Op-Ed: Funding For Expanded Day And Night Homeless Shelters
by Jack Eaton
I REALLY APPRECIATE hearing from many of you about various issues related to homelessness, emergency shelter and affordable housing. I do see a problem in this discussion where some issues are conflated and some opinions conflict.
For example. I see two separate issues in the need that we have to provide a pre-planned response to providing emergency shelter when winter weather threatens life and the separate issue of providing long term shelter for those in need.
For most of this year, Alan Haber and other activists have been trying to get the City to plan for the inevitable need for winter shelter, both during the day and overnight. No plan was developed and thus, when temperatures dropped to dangerously cold levels, we had to treat those circumstances as an emergency. It is not really an emergency if the event was foreseen and the policy makers failed to plan for it. It is an emergency in that people had to rush into action at the last minute due to the lack of a plan.
Any winter without a temperature related death is like a year without a fire related death. Policy makers feel no reason to address the potential problems of extreme cold or fire staffing when there is no emergency or crisis. This winter is giving us life threatening temperatures and we must use it as an opportunity to change policies. Let’s not digress into debate about whether we can solve all of the problems at the same time. Let’s address the most obvious problems first, then move to the next problem
I have heard suggestions that we simply ignore the conditions of particular facilities in order to address an emergency need. Almost simultaneously, I heard a complaint that putting homeless people on the floor of the Delonis Center lunch room with little more than a yoga mat was dehumanizing. Let’s accept that emergency shelter will not be permanent shelter and that permanent shelter is not available for every person in need.
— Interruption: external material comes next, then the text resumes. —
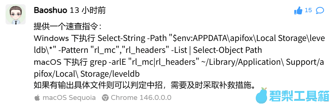 @白帽酱 在报告中提示,无论是否发现异常,只要你在风险时间段内使用过 Apifox SaaS 桌面客户端,务必按照 “已失陷” 的最高级别完成以下处置,切勿抱有侥幸心理: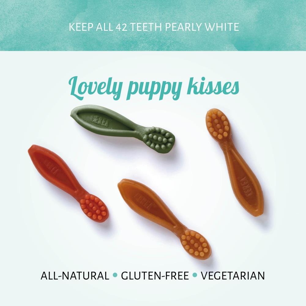 Commençons le brossage ! Plein de délicieuses brosses à dents qui mettent l'eau à la bouche, votre chiot fera tous les tours en un rien de temps avec nos Cerea Brushies Chien. Spécialement confectionné pour les chiots.

What I intend to work on is finding funding for expanded day and night shelter when temperatures drop below 40 degrees. In the long term, I want to work to develop a plan that can be implemented when emergency conditions require expanded shelter. I also wish to work on defining the meaning of affordable housing and try to address the need for entry level, low wage and other levels of affordable housing. The long term housing issues will require working with County representatives, because the City relinquished those responsibilities to the County years ago. It makes no sense to set up an independent, parallel program, rather than working cooperatively.
All of these issues are related to our ability to find funding. When I emphasize spending priorities, I don’t just mean firefighters, police officers and leaf pick up. I mean we must stop spending stupidly so that we can afford to address a full spectrum of problems, including basic shelter. I hope you will try to support each incremental step in the process of addressing these needs and not fault your allies for failing to solve all of the problems at the same time. This “crisis” can be used to leverage policy changes, if we work together.
Jack Eaton is an Ann Arbor City Council member.